We recognize several limitations in our study. Whether or not our findings generalize to other settings is possibly limited by a few elements. First, we used a sample for primary analysis that was not randomly selected, reflecting only those patients seen by volunteering providers using the reference-standard documentation, and further limited to those that provided complete documentation. However the demographic and clinical characteristics of our sample (Tables 1, 2) compare favorably to a typical comprehensive epilepsy center population (Labiner et al., 2010), where we would assume that a greater number of individuals with more severe or complex epilepsies (e.g., active or drug-resistant) might be referred, which supports the validity of our findings in this setting. Second, it is possible that providers that are more likely to adopt a standardized documentation template during routine outpatient visits are also more likely to provide accurate diagnosis coding; the process of completing the documentation itself might also lead to more accurate coding, though with no reference-standard available prior to this new implementation at our epilepsy center we did not estimate a possible effect. And third, neurologists provided the diagnosis codes; these providers could yield more accurate epilepsy coding than a provider that does not specialize in epilepsy.

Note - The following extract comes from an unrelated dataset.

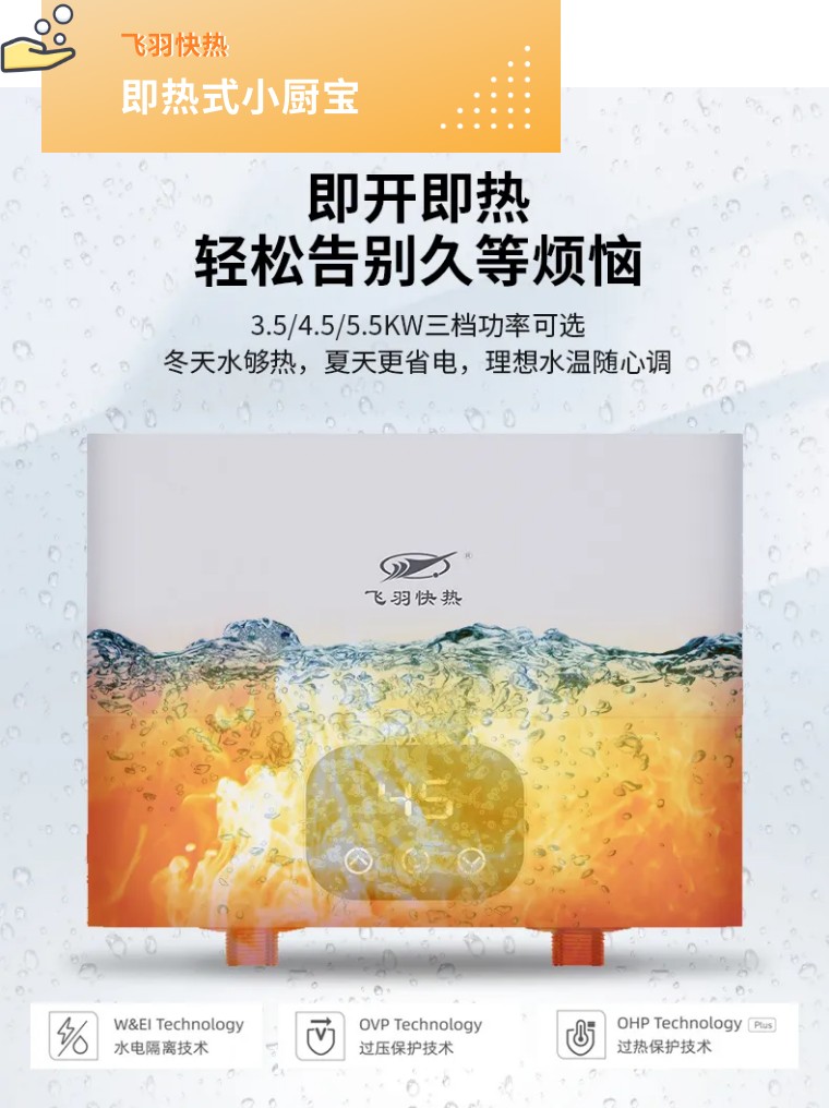 無論在廚房、衛(wèi)生間或者是陽臺,只要有冷水管和電源,飛羽快熱即熱式小廚寶都可以提供源源不斷的熱水,方便人們隨時取用。告別傳統(tǒng)水管傳輸?shù)馁M時費水,小廚寶熱水更快,也更省電,使用場景靈活多變。

These latter two points might not accurately represent coding practices across settings and our findings should be interpreted cautiously.

Our data, moreover, could still indicate variance in coding patterns among epilepsy providers and fellows even though it is reasonable to assume that they provide more precise epilepsy coding. For example, we cannot exclude the possibility that they might be more likely to document and/or code only one seizure type that is the more severe or in which they have greater diagnostic certainty (e.g., documenting/coding only generalized seizure in patients with both generalized and focal seizures). However, we found no differences in the performance of our claims-based definitions when comparing patients with only one seizure to those presenting with two or more seizures.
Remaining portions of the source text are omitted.